▶ WORK TO COMPLETE
Look below for the line that has "GTXGN□-12/T630". Set down the lines from there through the line that has "存在感抜群のチェックのコートで冬の街並みにも映えるコーデに。", exactly as written.

[[ DATA, beginning ]]

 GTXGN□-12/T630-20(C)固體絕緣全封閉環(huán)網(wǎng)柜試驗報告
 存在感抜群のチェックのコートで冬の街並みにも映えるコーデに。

[[ DATA, end ]]
[[ DATA, beginning ]]

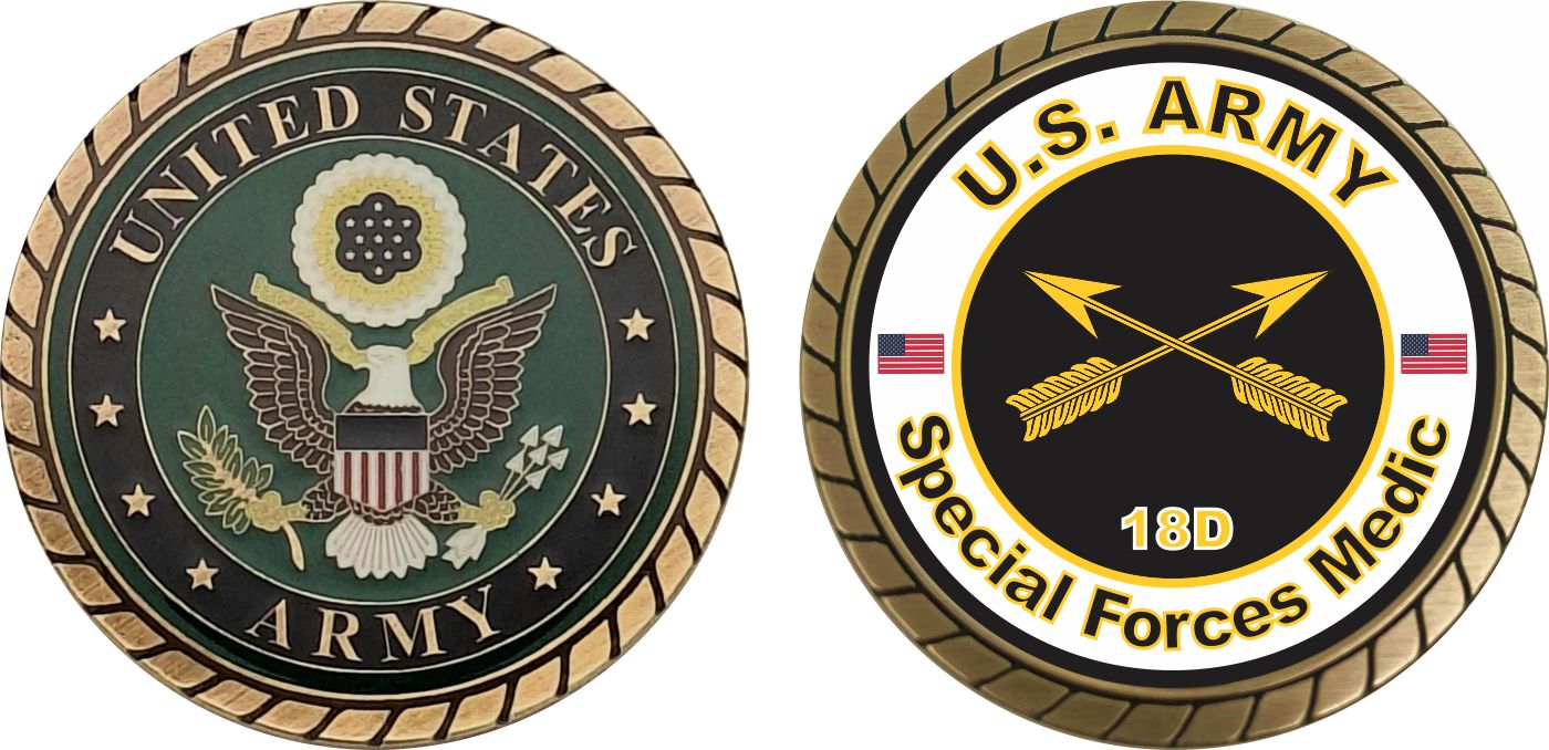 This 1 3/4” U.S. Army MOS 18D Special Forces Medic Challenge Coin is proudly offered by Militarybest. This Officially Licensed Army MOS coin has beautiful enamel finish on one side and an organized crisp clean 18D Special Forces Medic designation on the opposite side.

[[ DATA, end ]]
[[ DATA, beginning ]]

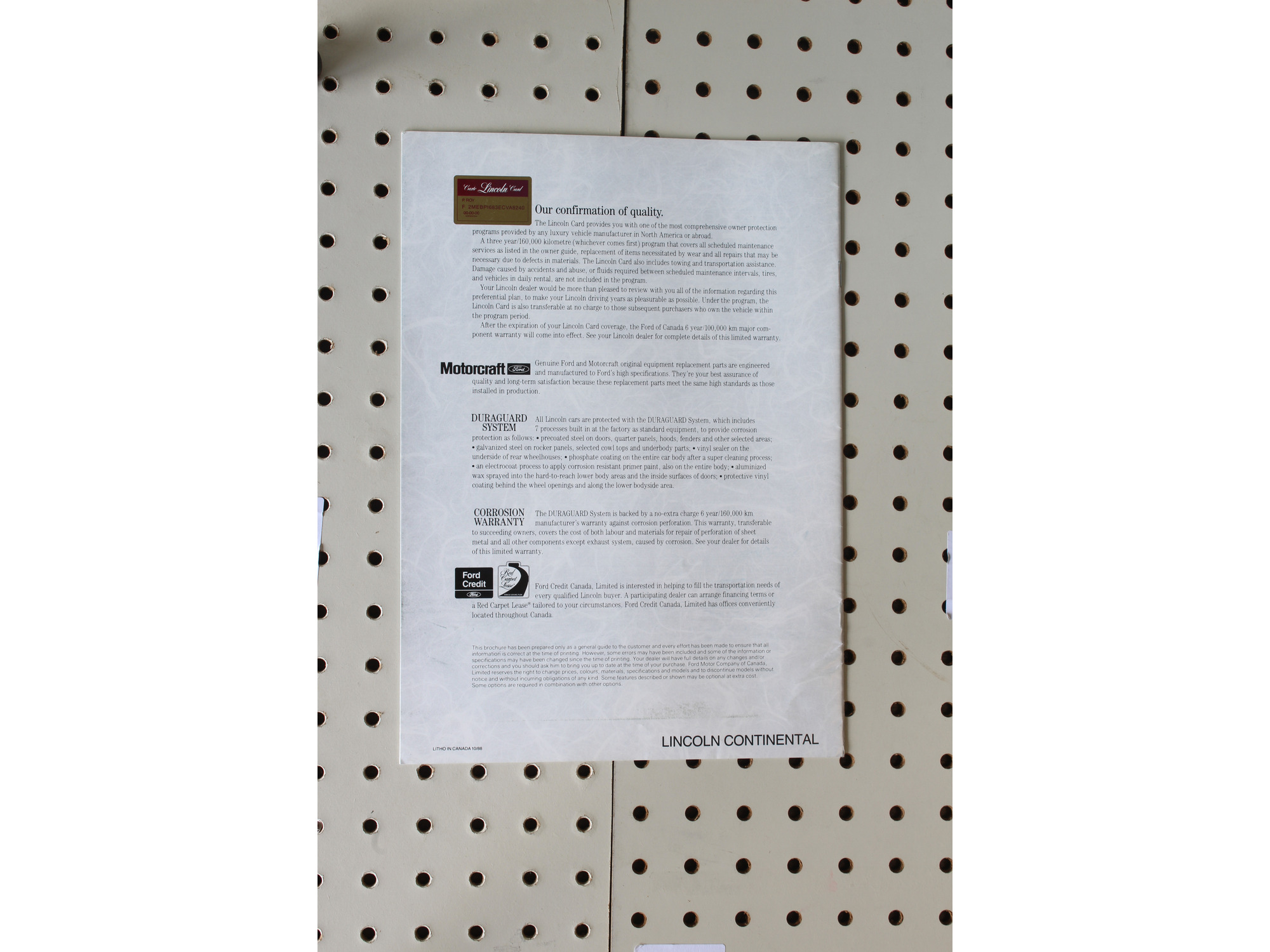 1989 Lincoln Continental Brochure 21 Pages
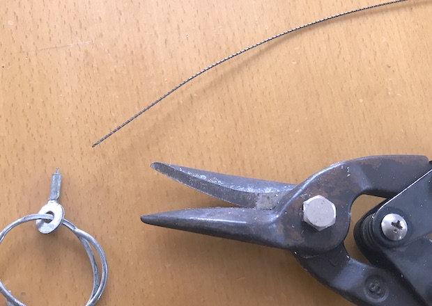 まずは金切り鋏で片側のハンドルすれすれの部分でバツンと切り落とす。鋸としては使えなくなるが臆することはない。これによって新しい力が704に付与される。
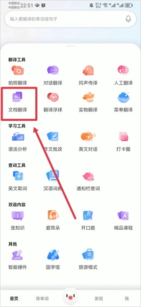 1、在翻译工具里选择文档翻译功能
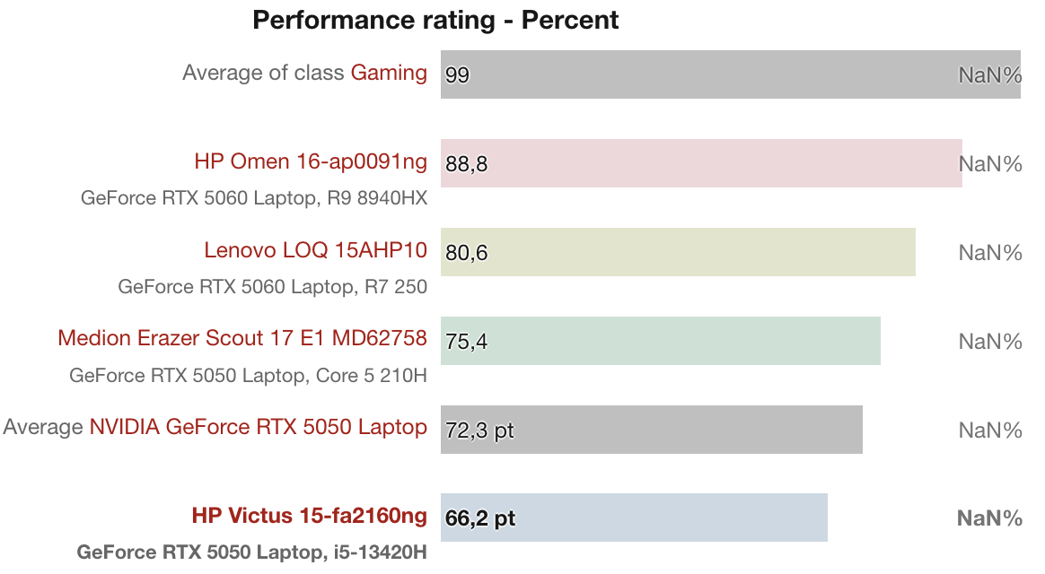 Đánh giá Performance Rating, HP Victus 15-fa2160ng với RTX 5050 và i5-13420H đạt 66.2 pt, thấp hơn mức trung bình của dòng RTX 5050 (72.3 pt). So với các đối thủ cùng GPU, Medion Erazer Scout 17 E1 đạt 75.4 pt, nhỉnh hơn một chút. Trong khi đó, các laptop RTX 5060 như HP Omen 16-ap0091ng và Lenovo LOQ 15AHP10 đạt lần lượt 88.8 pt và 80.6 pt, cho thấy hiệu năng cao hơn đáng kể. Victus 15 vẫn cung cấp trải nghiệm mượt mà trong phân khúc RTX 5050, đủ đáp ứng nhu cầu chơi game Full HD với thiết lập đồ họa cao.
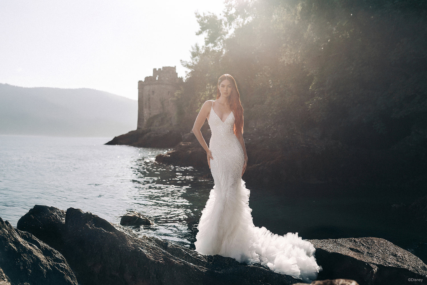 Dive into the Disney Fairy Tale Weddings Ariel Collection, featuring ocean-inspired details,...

[[ DATA, end ]]

▶ RESULT OF THIS TASK
 GTXGN□-12/T630-20(C)固體絕緣全封閉環(huán)網(wǎng)柜試驗報告
 存在感抜群のチェックのコートで冬の街並みにも映えるコーデに。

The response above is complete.